» Data records

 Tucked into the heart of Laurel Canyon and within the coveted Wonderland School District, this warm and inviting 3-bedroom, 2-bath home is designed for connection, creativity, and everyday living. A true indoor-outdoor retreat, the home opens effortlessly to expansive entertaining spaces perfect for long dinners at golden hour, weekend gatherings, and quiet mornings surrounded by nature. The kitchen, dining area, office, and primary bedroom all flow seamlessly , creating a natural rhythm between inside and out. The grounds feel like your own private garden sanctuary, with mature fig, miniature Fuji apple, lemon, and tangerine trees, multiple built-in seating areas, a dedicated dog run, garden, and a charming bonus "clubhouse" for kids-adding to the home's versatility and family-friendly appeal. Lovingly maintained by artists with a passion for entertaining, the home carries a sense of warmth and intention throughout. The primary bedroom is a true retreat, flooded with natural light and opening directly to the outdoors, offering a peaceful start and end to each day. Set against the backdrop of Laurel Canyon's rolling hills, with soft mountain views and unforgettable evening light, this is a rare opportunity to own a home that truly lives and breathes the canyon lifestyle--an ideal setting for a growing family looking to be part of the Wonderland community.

---

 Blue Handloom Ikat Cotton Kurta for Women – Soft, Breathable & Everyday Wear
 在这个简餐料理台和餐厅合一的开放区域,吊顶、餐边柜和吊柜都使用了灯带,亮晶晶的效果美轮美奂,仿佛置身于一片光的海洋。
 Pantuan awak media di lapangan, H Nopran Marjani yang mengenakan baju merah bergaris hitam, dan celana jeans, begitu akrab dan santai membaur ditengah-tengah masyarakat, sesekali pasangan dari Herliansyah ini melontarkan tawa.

» What the exercise asks
Give again exactly, and only, the lines above starting at the one with "Blue Handloom Ikat" and ending at the one with "Pantuan awak media".

» Finished task
 Blue Handloom Ikat Cotton Kurta for Women – Soft, Breathable & Everyday Wear
 在这个简餐料理台和餐厅合一的开放区域,吊顶、餐边柜和吊柜都使用了灯带,亮晶晶的效果美轮美奂,仿佛置身于一片光的海洋。
 Pantuan awak media di lapangan, H Nopran Marjani yang mengenakan baju merah bergaris hitam, dan celana jeans, begitu akrab dan santai membaur ditengah-tengah masyarakat, sesekali pasangan dari Herliansyah ini melontarkan tawa.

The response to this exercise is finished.